俺様彼氏に気をつけて!?
「もしこのまま黙ってるようなら絶交するとこだったかも☆」

セリフの内容とは裏腹に明るく言う。

でも目が笑ってないから怖いよ!

「ごめんね佳奈、だから協力は出来ない」

「いいってことよ。親友と男の取り合いなんて青春っぽくて最高じゃない」

私の肩を叩いて優しく微笑んだ。

「ひなは悪いことしてないんだから、もっと堂々としなさい!」

「!……ありがとう」

「良かった。二人が喧嘩するんじゃないかって冷や冷やしてたの」

それまで黙って見守っていた水樹が口を開く。

正直私もそうなるかもって思ってた。

けどそうはならなかった。

佳奈はそんな人じゃない。

そのことは分かってたつもりでも、本当は分かってなかったのかもしれない。

だからビクビクしてた。

佳奈に嫌われるのが怖かった。

だって、大好きだから。

本当にありがとう佳奈。
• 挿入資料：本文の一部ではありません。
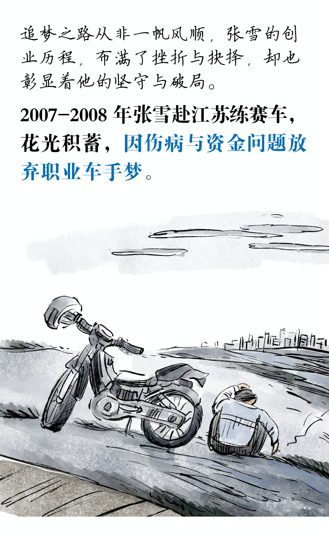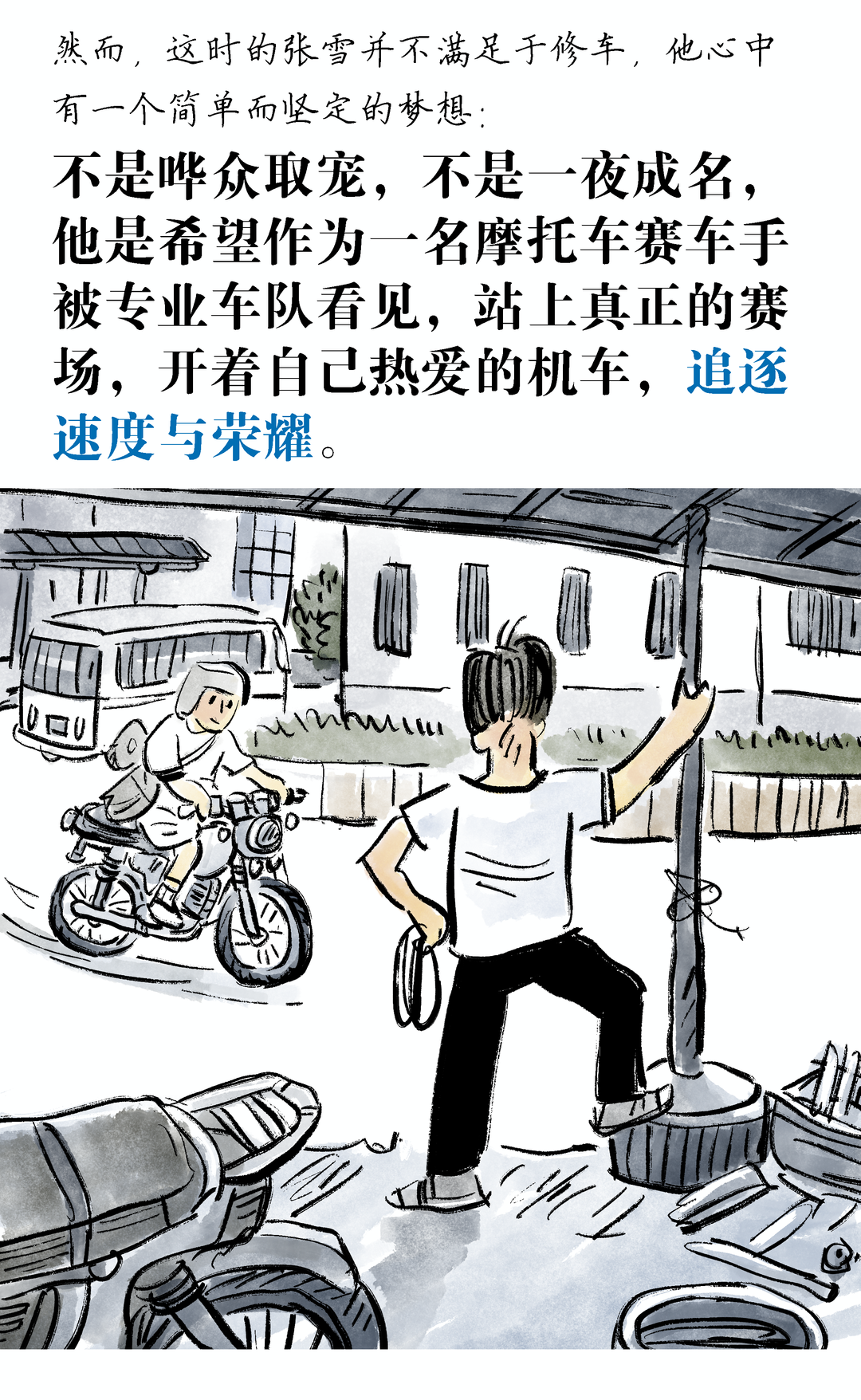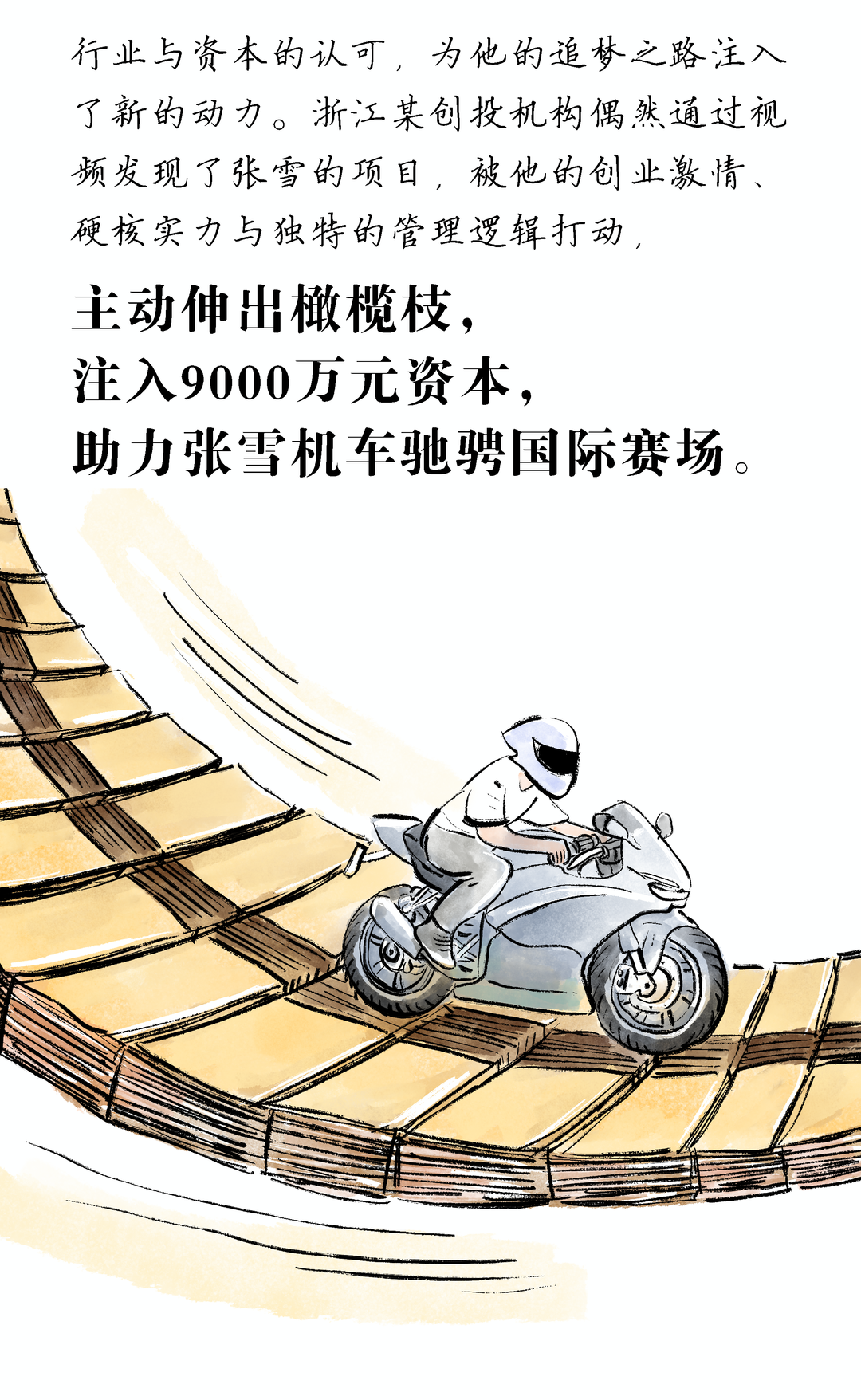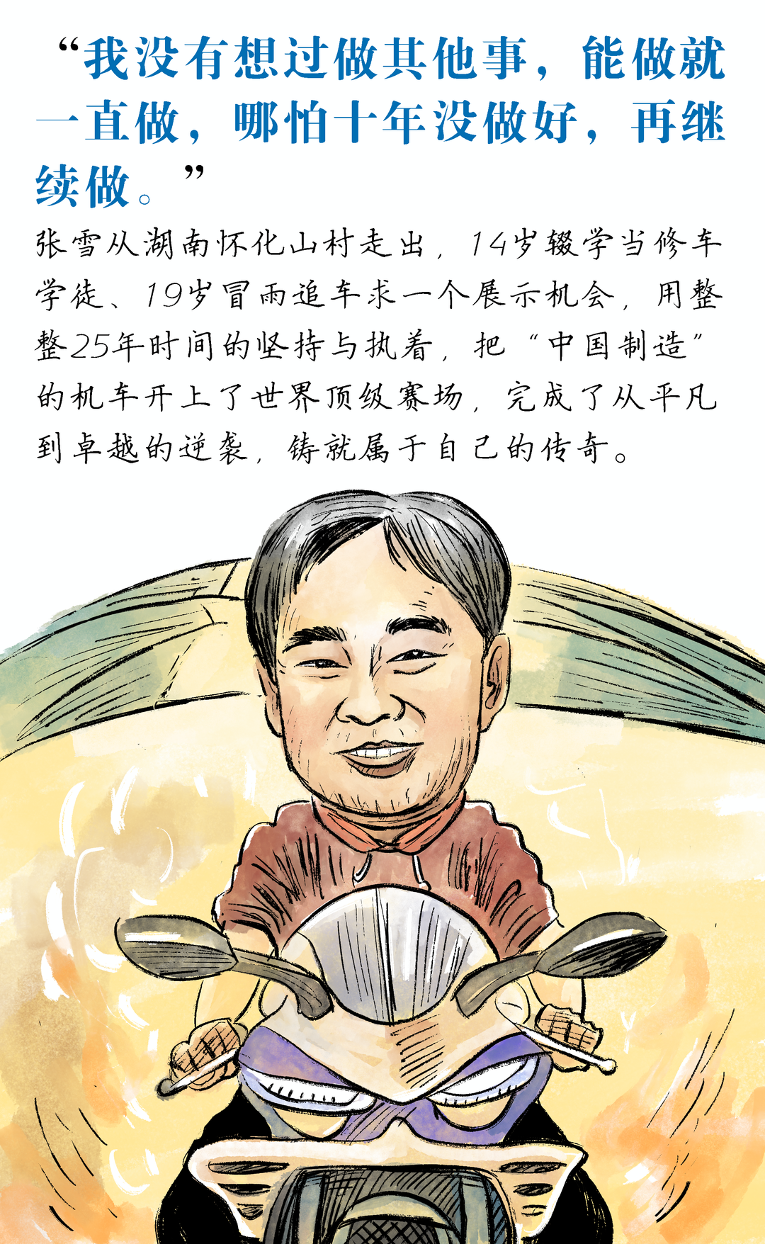 從湖南麻陽的貧瘠山村出發,10歲扛起生活重擔,14歲輟學與油污為伴,19歲冒雨狂奔百里只為一個追夢機會,張雪的人生從無坦途,卻始終被心底對機車的熱愛照亮。他在泥濘沙洲上苦練車技,在創業低谷中堅守核心技術,哪怕散盡積蓄、屢遭挫折,也從未放下對賽場與中國制造的執念。二十五年風雨兼程,他從滿身傷痕的草根少年,成長為打破國際豪強壟斷、讓中國機車登頂世界頂級賽場的創造者,用孤注一擲的執著、腳踏實地的深耕,書寫了平凡人逐夢不凡的傳奇。讓每一步奔赴都意義非凡,人間值得,夢想終會開花。

そして水樹。

「これからひなとはライバルかぁ!負けないからね!!」

「臨むところよ!」

そして私たちの戦いの日々は幕を開けた。

と言ってもほとんどいつも通りなんだけどね。

とにかく、これからは千晶の本当の彼女になれるように頑張らなくちゃ。

きっと千晶は私のことなんて何とも思ってない。

だから気長に片想いしていくんだ。

焦らなくていい。

ゆっくり、少しずつ、私のことを知ってもらえばそれでいい。

そしていつか、この気持ちを伝えるから。

千晶……どうかそれまで待っていて。

どうか私のこと忘れないでいて――。